Amazingly, many of Newton's greatest discoveries originated in an 18-month period he spent at home while Cambridge was closed down because of the plague. In private study, he discovered the refraction of light, began to recognize the principles of gravity, and basically invented the refracting telescope. He was most reticent to publish any of his work, however, and the ridicule that greeted his first scientific paper on optics convinced him to never publish again. He continued his work, of course, and some of the great discoveries in scientific history were only to be discovered later in Newton's life, years after he had actually made them. He did want the credit for his discoveries, however, a fact which led to some less than admirable actions on his part later in life. He developed a bitter, life-long feud with Robert Hooke, for example, fought stridently against the claims of Leibnitz in order to secure the credit for his discovery of calculus, and later behaved rather unethically in regard to an astronomer who dared stand in the way of his wishes. True fame would not come until 1687, when Newton published the Principia. It was Edmund Halley who came to Newton inquiring as to the great mystery of planetary rotation. Newton, to his surprise, had already provided an answer to the question, and in the Principia Newton was to describe the laws of gravity, put forth his famous three laws of thermodynamics, explain the celestial rotation of heavenly bodies, and basically postulate and demonstrate a mathematical structure to the universe itself. Never has a single publication changed the course of science and indeed human culture in the way the Principia did; its influence is still heavily with us today and helped push man into outer space successfully.

I was most surprised to learn the incredible scope of Newton's work. Everyone knows about his invention of calculus and other scientific achievements, but Newton was also an intense theologian and alchemist.

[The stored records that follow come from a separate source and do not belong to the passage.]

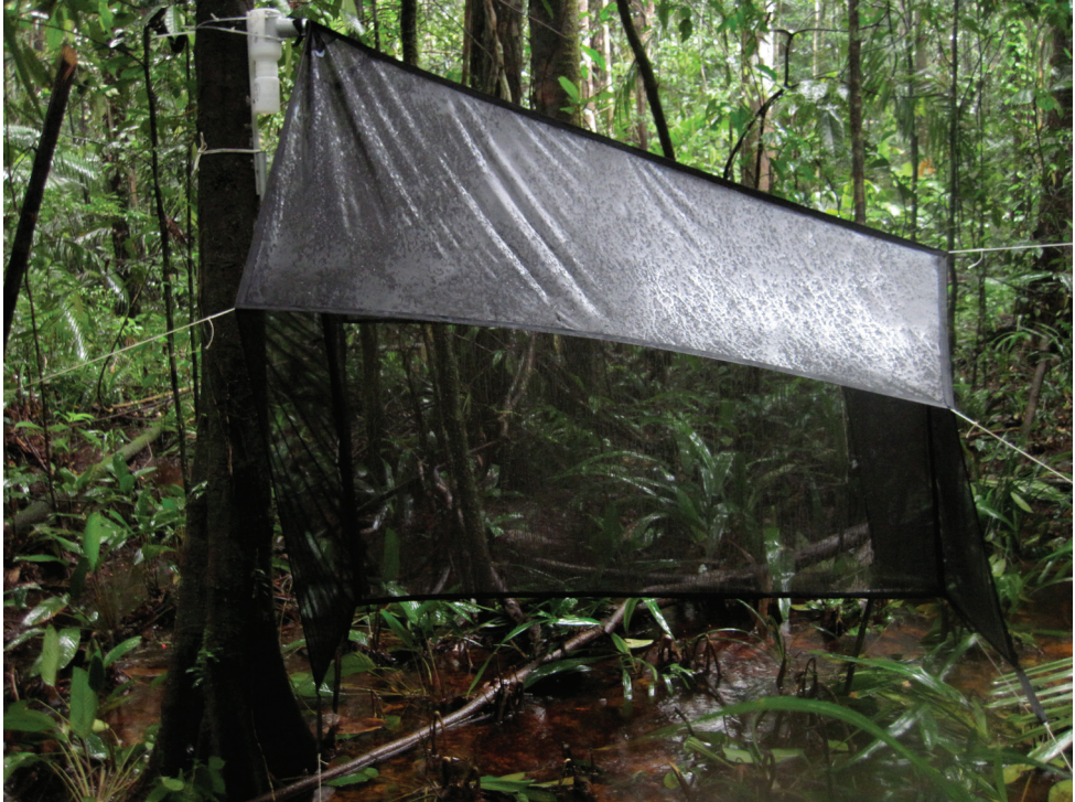
Figure 1. Picture of a malaise trap installed in a flooded forest of French Guiana (Lamarre G).

ameter of the stopper. We recommend the use of a powerful and hermetic glue to affix the stopper inside the gutter hole. Because it is made from lightweight plexiglass, our WT model is also easy to transport and to install. This type of insect trap can be built with low-cost materials. For example, in French Guiana (the most expensive country in the region), we estimate the cost per trap as 90 euros, whereas in Peru the materials to make the trap cost only 40 euros (prices verified in 2011 by the first author).
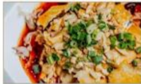
口水鸡 $16.8 Chicken Slices w/ Green Onion, Tofu and Chili Oil
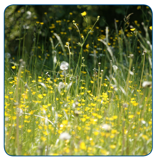
Those with oral allergy syndrome typically react to foods related to the type of pollen to which they are allergic.

When is a food allergy not a food allergy? When it's oral allergy syndrome (OAS), a type of reaction usually found in those who have a pollen allergy. Unlike traditional food allergies, the reaction is generally fairly mild and limited to the mouth. Commonly, when a person with OAS has been exposed to the allergenic food, they will experience a few minutes of irritation or swelling of the mouth and throat. These symptoms are triggered when the food comes in contact with the mouth and throat. Those with OAS typically react to foods related to the type of pollen to which they are allergic. For example, those who are allergic to grass might also have a response to orange, tomato, peach, celery, and melon.
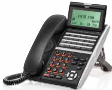
DT430 & DT830
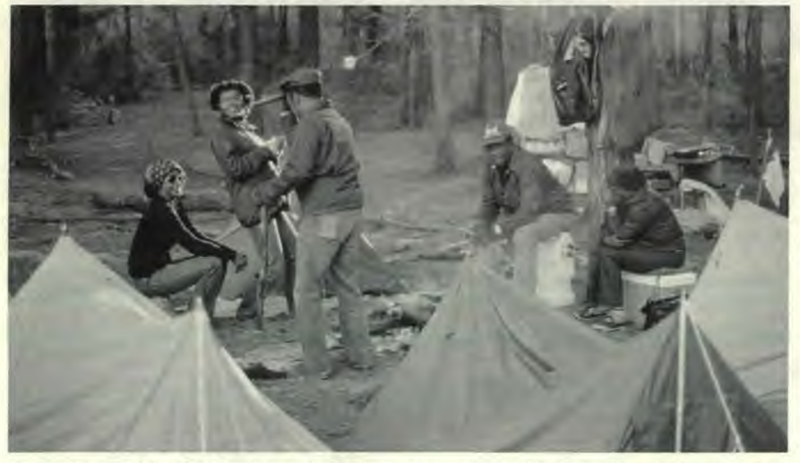
More than 2,000 Pathfinders pitched their tents at the Arrowhead Campground located 15 miles from the city of Atlanta.

The Lake Region Pathfinders totaled 18 clubs, and made their presence felt on Sabbath morning when they marched into the Omni World Congress Center for the posting of the colors. The Pathfinders performed with military precision and with detailed attention to order.
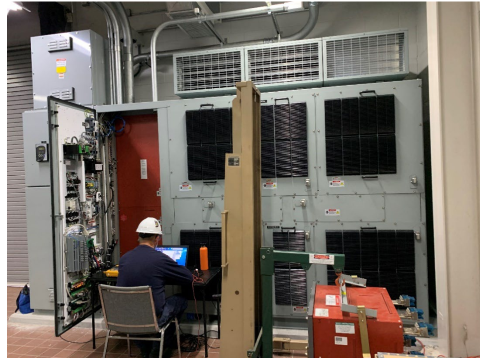
Variable Frequency Drive Testing

Cost: $2,168,480 (co-funded by the Southwest Florida Water Management District)
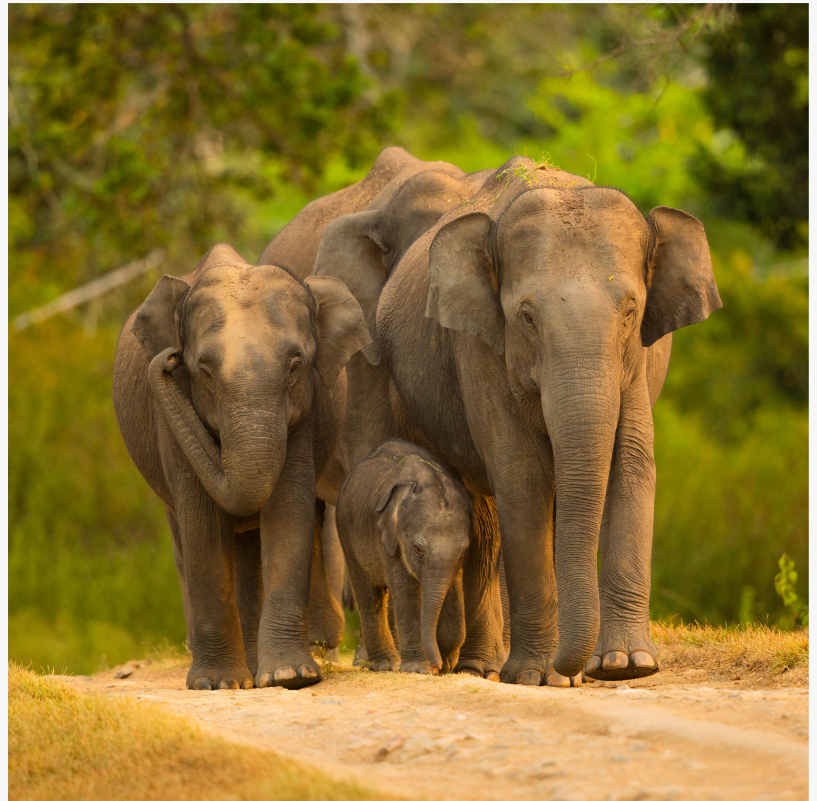
Elephant Family at Bandipur National Park in Karnataka

BENGALURU , KARNATAKA , INDIA, September 18, 2025 / EINPresswire.com/ -- Karnataka Tourism is set to participate in the upcoming Travel & Tourism Fair (TTF) Hyderabad 2025, scheduled to be held on 19 and 20 September 2025 at Hyderabad International Convention Centre (HICC). Recognized as one of India's leading travel trade exhibitions, TTF Hyderabad provides a dynamic platform for states and tourism stakeholders to present their offerings to both trade professionals and discerning travelers.
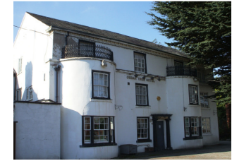
Landmark 9- Cedar Tree Hotel
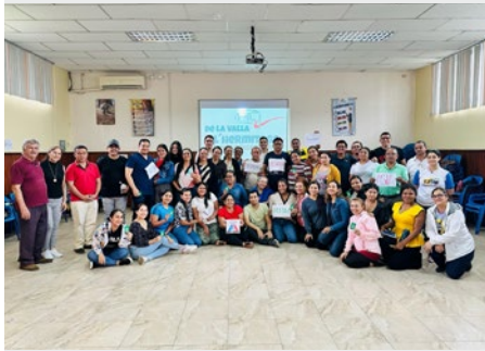
ECUADOR: WORKSHOP FROM LA VALLA TO L'HERMITAGE WITH 270 TEACHERS
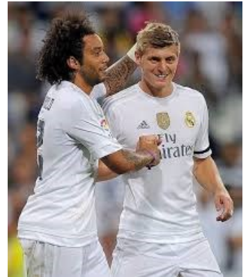
Marcelo (left) celebrating with Toni Kroos.
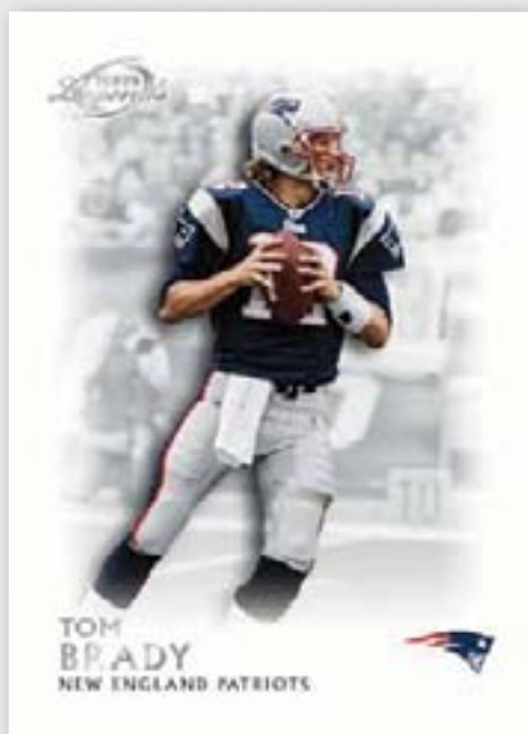
Veteran Base Card
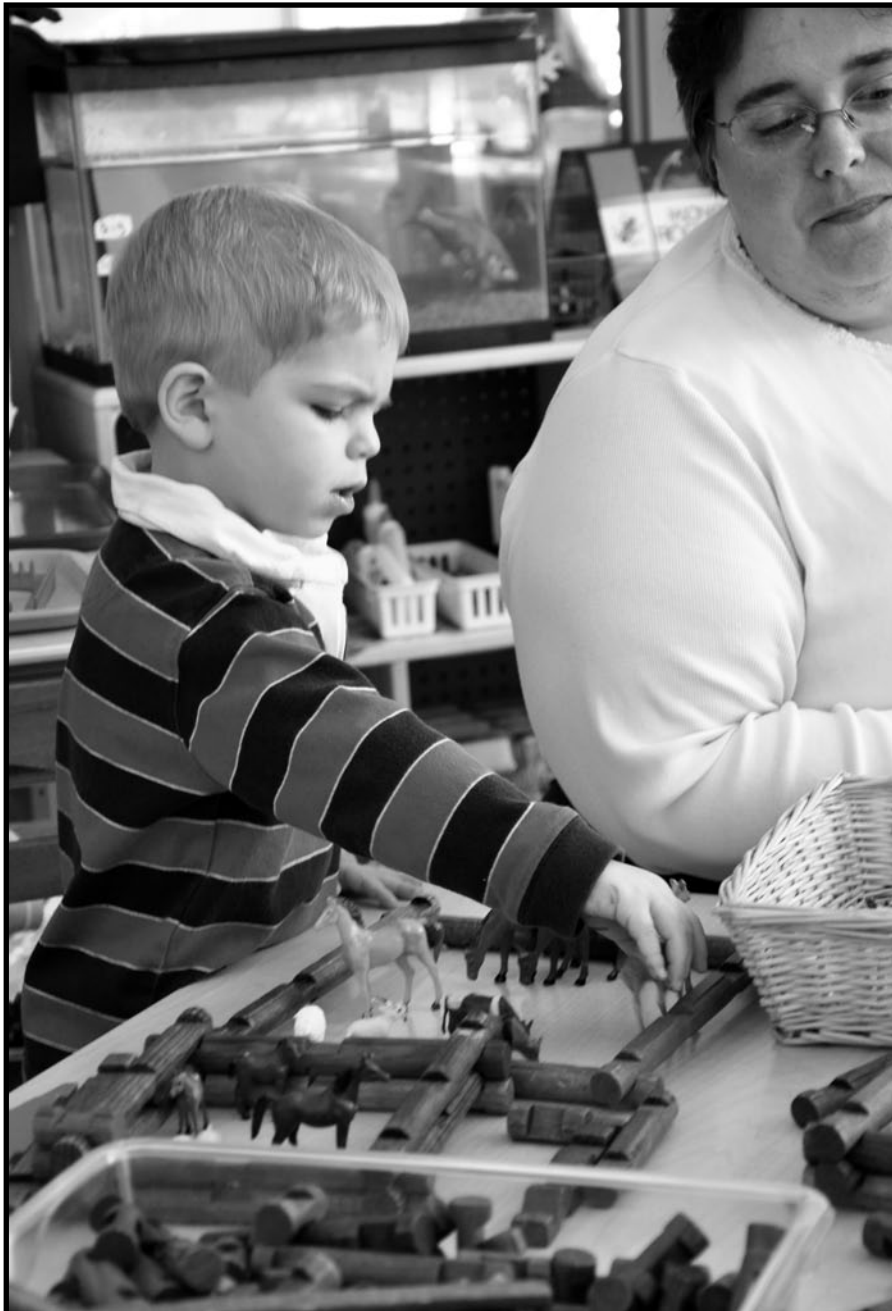
Subjects & Predicates

Provide all children with rich and varied opportunities to demonstrate their learning. Find methods that focus on understanding how children use the knowledge and skills they are learning within the context of everyday routines and activities.
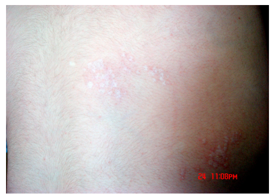
Figure 1. Zosteriform lesions in the right on the back.

Morphea is a localized form of scleroderma characterized by sclerotic plaques. Fibrotic reaction is limited to the skin and visceral involvement is uncommon (2). The 75% of morphea patients are between the ages of 20-50 and 2.6 times more common in women. Our patient was
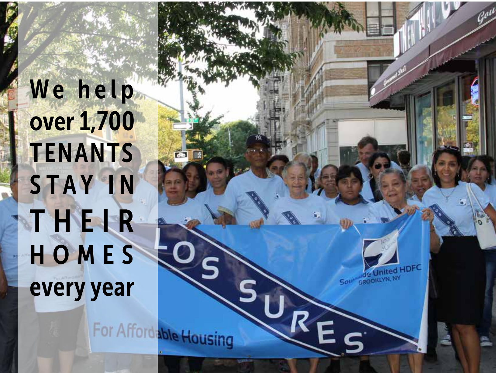
Los Sures community activists at a rally and march in 2014.

We help over 1,700 TENANTS STAY IN THEIR HOMES every year
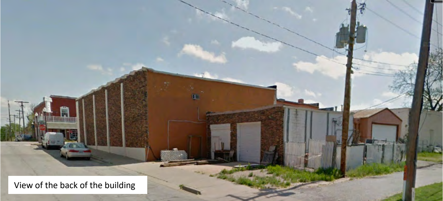
View of the back of the building

He strove to discover the true nature of God in nature, for he believed the world to be a rational creation of a rational God, built upon universal laws that man could discern through focused analysis and then explain via mathematics. He also had a few strange ideas, such as his belief that Protagoras acquired his mathematical knowledge from a meeting with Moses the Prophet.

The reclusive Newton enjoyed the incredible fame he attained after publication of the Principia and went on to occupy a political post as Warden of the Mint; in this capacity, he recoined the monetary system of the realm to great acclaim. His final years were not necessarily happy ones, though. Bitter rivalries with those he felt had wronged him revealed a rather nasty side of the genius' character, and Newton actually suffered a nervous breakdown in 1693 when his only true intellectual friend left England for the Continent. He recovered his mental health quickly and, despite the negative conflicts he had with select peers, he went to his grave as Sir Isaac Newton, the most famous scientist of his era and, to many, the great scientific mind the world has ever seen.